263-5354-00: Large Language Model

Section 2 Modeling Foundations

Swiss Federal Institute of Technology Zurich

Eidgenössische Technische Hochschule Zürich

Last Edit Date: 07/13/2025

Disclaimer and Term of Use:

We do not guarantee the accuracy and completeness of the summary content. Some of the course material may not be included, and some of the content in the summary may not be correct. You should use this file properly and legally. We are not responsible for any results from using this file

This personal note is adapted from Professor Ryan Cotterell. Please contact us to delete this file if you think your rights have been violated.

This work is licensed under a Creative Commons Attribution 4.0 International License.

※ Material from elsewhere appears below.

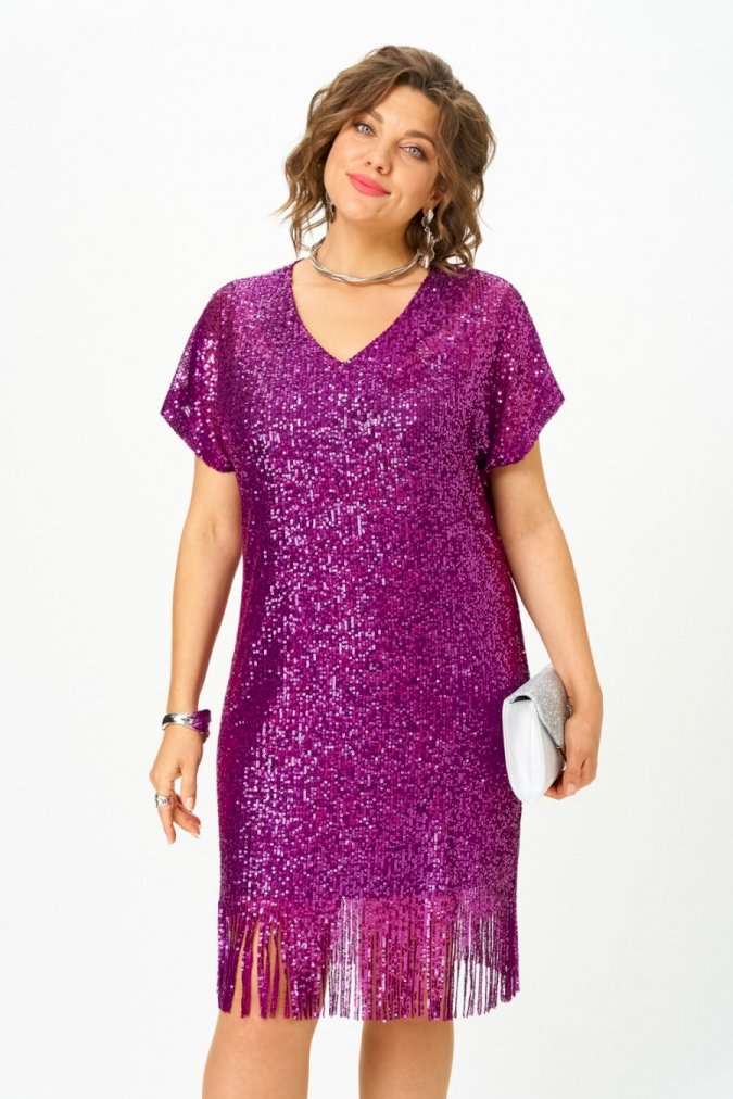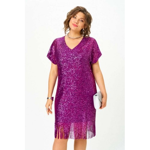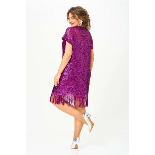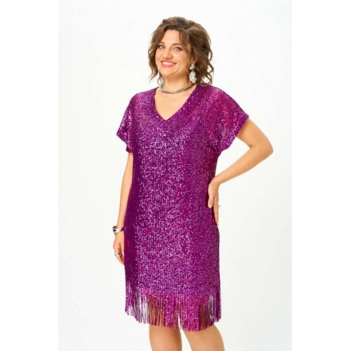 Платье нарядное с пайетками и бахромой прямого кроя, выполнено в комплектации из двух предметов. Линия плеча спущена. Вырез горловины v-образный. Нижнее платье полуприлегающего силуэта, на регулируемых бретелях. По линии груди вытачки. Длина платья: 99 см Длина рукава от горловины: 29 см

The task of language model

Train a LM
Parameterized family of LMs
Select a LM given data

Strategies

Maximum-likelihood estimation / regularization
Reinforcement learning (RLHF)

Evaluate a LM

Measure log-likelihood on heldout data

Statistical setup

$p^*$ is the true distribution
$X^{(n)} \sim p^*$ is the training data ($N$ times)
Choose $\hat{p}$ on $\{X^{(n)}\}_{n=1}^{N}$
Goal: $\hat{p}$ be close to $p^*$

Representation-based language models¶

Vector space representations¶

The good representation principle states that the success of a machine learning model depends - in great part - on the representation that is chosen (or learned) for the objects that are being modeled. In the case of language modeling, the two most salient choice points are the represeantations chosen for the symbols, elements of $\bar{\Sigma}$, and the representations chosen for the contexts, elements of $\bar{\Sigma}^*$.

Vector space¶

A vector space over a field $\mathbb{F}$ is a set $\mathbb{V}$ together with two binary operations that satisfy the following axioms:

Associativity of vector addition: for all $\mathbf{v, u, q} \in \mathbb{V}$

$$(\mathbf{v} + \mathbf{u}) + \mathbf{q} = \mathbf{v} + (\mathbf{u} + \mathbf{q})$$
Commutativity of vector addition: for all $\mathbf{v, u} \in \mathbb{V}$

$$\mathbf{v} + \mathbf{u} = \mathbf{u} + \mathbf{v}$$
Identity element of vector addition: there exists $\mathbf{0} \in \mathbb{V}$ such that for all $\mathbf{v} \in \mathbb{V}$

$$\mathbf{v} + \mathbf{0} = \mathbf{v}$$
Inverse element of vector addition: for every $\mathbf{v} \in \mathbb{V}$ there exists a $-\mathbf{v} \in \mathbb{V}$ such that

$$\mathbf{v} + (-\mathbf{v}) = 0$$
Compatibility of scalar multiplication with field mutiplication: for all $\mathbf{v} \in \mathbb{V}$ and $x, y \in \mathbb{F}$

$$x(y \mathbf{v}) = (xy) \mathbf{v}$$
Identity element of scalar mutiplication: for all $\mathbf{v} \in \mathbb{V}$

$$\mathbf{1v} = \mathbf{v}$$

where $\mathbf{1}$ is the multiplicative identity in $\mathbb{F}$.
Distributivity of scalar multiplication with respect to vector addition: for all $x \in \mathbb{F}$ and all $\mathbf{u, v} \in \mathbb{V}$

$$x(\mathbf{v} + \mathbf{u}) = x \mathbf{v} + x \mathbf{u}$$
Distributivity of scalar multiplication with respect to field addition: for all $x, y \in \mathbb{F}$ and all $\mathbf{v} \in \mathbb{V}$

$$(x + y)\mathbf{v} = x\mathbf{v} + y\mathbf{v}$$

Remark

An important characteristic of a vector space is its dimensionality, which corresponds to the number of independent directions - basis vectors - in the space. Any $\mathbf{v} \in \mathbb{V}$ can be expressed as a linear combination of the $D$ basis vectors. The coefficients of this linear combination can then be combined into a $D$-dimensional coordinate vector in $\mathbb{F}^D$.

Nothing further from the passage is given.